How many processes should one run on this machine? This is an interesting question. There is only one CPU in this laptop, but as the name suggests, it has 4 cores. Furthermore, each of those cores is hyper-threaded, so the linux kernel presents it to the user as 8 processors (4 cores, 8 siblings), as a quick cat /proc/cpuinfo will confirm. Does this really mean that it is the equivalent of 8 independent CPUs? The short answer is “no”, but running 8 processes of an MPI (or OpenMP) job could still be optimal. I investigated this issue empirically by varying the number of processes for the MPI job from 1 to 10, doing 3 repeats for each to get some kind of idea of variability (I’ve been working in a lab recently, so I know that all good biologists always do 3 repeats of everything!). The conditions were by no means optimal, but probably quite typical – I was running the Ubuntu window manager, several terminal windows, had Firefox open with several tabs in another workspace, and Xemacs open with several buffers, etc. The raw timings (in seconds) are given below.

NP	T1	T2	T3
1	62.046	62.042	61.900
2	35.652	34.737	36.116
3	29.048	28.238	28.567
4	23.273	24.184	22.207
5	24.418	24.735	24.580
6	21.279	21.184	22.379
7	20.072	19.758	19.836
8	17.858	17.836	18.330
9	20.392	21.290	21.279
10	22.342	19.685	19.309

A quick scan of the numbers in the table makes sense – the time taken decreases steadily as the number of processes increases up to 8 processes, and then increases again as the number goes above 8. This is exactly the kind of qualitative pattern one would hope to see, but the quantitative pattern is a bit more interesting. First let’s look at a plot of the timings.

You will probably need to click on the image to be able to read the axes. The black line gives the average time, and the grey envelope covers all 3 timings. Again, this is broadly what I would have expected – time decreasing steadily to 4 processes, then diminishing returns from 4 to 8 processes, and a penalty for attempting to run more than 8 processes in parallel. Now lets look at the speed up (speed relative to the average time of the 1 processor version).

Here again, the qualitative pattern is as expected. However, inspection of the numbers on the y-axis is a little disappointing. Remeber that this not some cleverly parallelised MCMC chain with lots of inter-process communication – this is an embarrassingly parallel Monte Carlo job – one would expect to see close to 8x speedup on 8 independent CPUs. Here we see that for 4 processes, we get a little over 2.5x speedup, and if we crank things all the way up to 8 processes, we get nearly 3.5x speedup. This isn’t mind-blowing, but it is a lot better than nothing, and this is a fairly powerful processor, so even the 1 processor code is pretty quick…

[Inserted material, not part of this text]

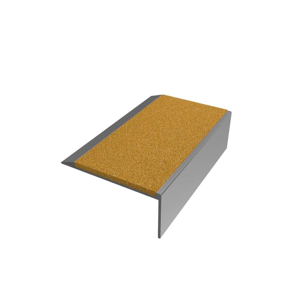 AN15 GRP is a ramp tread, square riser, single-channel stair nosing available with GRPTI49.5 Infill. The body of this nosing is available in Mill Aluminium and can be ordered to measure.

So, in answer to the question of how many processes to run, the answer seems to be that if the code is very parallel, running 8 processes will probably be quickest, but running 4 processes probably won’t be much slower, and will leave some spare capacity for web browsing, editing, etc, while waiting for the MPI job to run. As ever, YMMV…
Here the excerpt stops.